По пути домой Алёна смирились с неизбежным тяжёлым разговором. Но… получилось так, что мама не заметила машину. Она, не дожидаясь дочери, легла спать. И уснула. А Огнев сам был ещё не в форме после залеченного паранормальным воздействием ранения. Шёл — Алёна бросила взгляд на часы в коридоре, — четвёртый час, то есть, самое сложное для бдения время. Девочка тихонько обошла приткнувшегося на диванчике Огнева, пробралась к себе в комнату, плюхнулась на кровать как была, не раздеваясь. И только здесь, в родном с детства месте, наконец- то расплакалась, комкая подушку и стараясь издавать как можно меньше звуков. В животе ныло, когтями по стеклу души скреблись кошки. И было плохо так, что хоть топись. Не физически. В голове.

Зачем, зачем не рассказала маме сразу! Как теперь объяснять ей случившееся?! Произошло то, чего мама больше всего боялась, и о своих страхах говорила неоднократно. Контракт с Институтом, больной ребёнок, хоть там Роза Тимофеевна и успокаивает, но зачем, спрашивается, ей понадобилось проводить над извлечённым из её, Алёниного тела, эмбрионом паранормальную коррекцию? И планировать ещё таких коррекций штук пять. Алёна вцепилась зубами в собственное запястье — не помогло.

Впрочем, терзалась она недолго. Навалилась усталость и сожрала сознание. Девочка забылась глубоким, почти коматозным, сном без сновидений.

Солнечным лучом припекло лицо, Алёна чихнула и проснулась. Выползла из смятой постели, вспомнила про Огнева, дёрнула со спинки стула халат. И только тут поняла, что вчера упала в постель не раздеваясь… Хороша, ничего не скажешь. Потащилась, зевая, в душ.

Надо было поговорить с мамой. Надо было. Алёна устала бояться, устала врать. Надо рассказать, и всё. Как в озеро прыгнуть на спор с подлеталки.
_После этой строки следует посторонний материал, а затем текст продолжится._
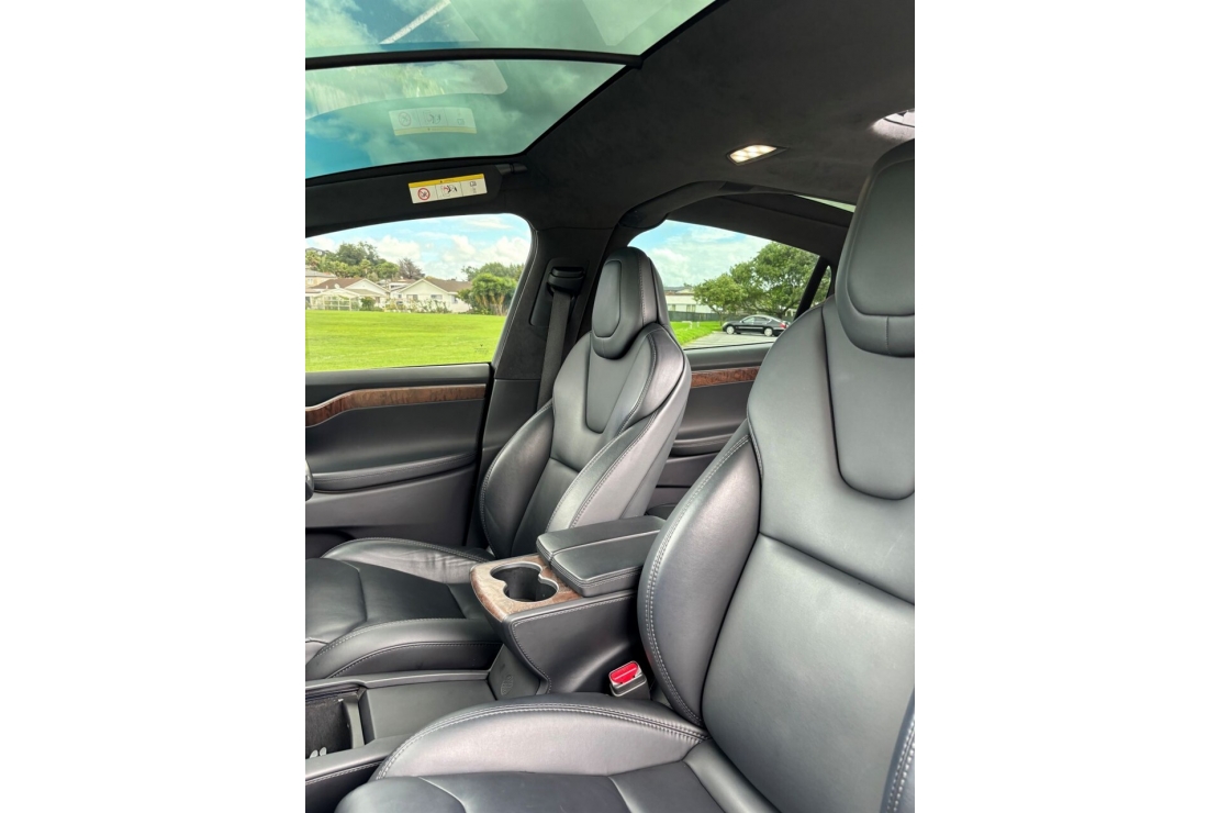 Full black leather interior, digital driver display, and Teslas signature large touchscreen infotainment system, controlling navigation, media, vehicle settings, and connectivity. The premium audio system delivers exceptional sound quality, while the spacious layout and panoramic glass roof

Живо вспомнилось, как сделала это в самый первый раз, до того трусила отчаянно, и насмешки одногруппников не помогали. А тут вдруг выдохнула, разжала руки и полетела в ледяную воду, умирая по пути от восторженного ужаса… Да, но тогда была игра. Контракт с профессором Ольмезовским — не игра. Ребёнок от Тима — не игра. Всё это реально, всё по-настоящему, по… да, по-взрослому. Не ты ли хотела поскорее распробовать взрослой жизни? Вот она. Бери и ешь её ложечкой.

Но мамы дома не оказалось. Не оказалось и Огнева. Стыл на столе под термокрышкой завтрак. Светилась на домашнем экране — светлым по чёрному — записка:

ВЕРНЁМСЯ ВЕЧЕРОМ. НЕ СИДИ ГОЛОДНАЯ. СПИСОК ПРИЛАГАЕТСЯ. ВЕРНИСЬ ДО ПОЛУНОЧИ.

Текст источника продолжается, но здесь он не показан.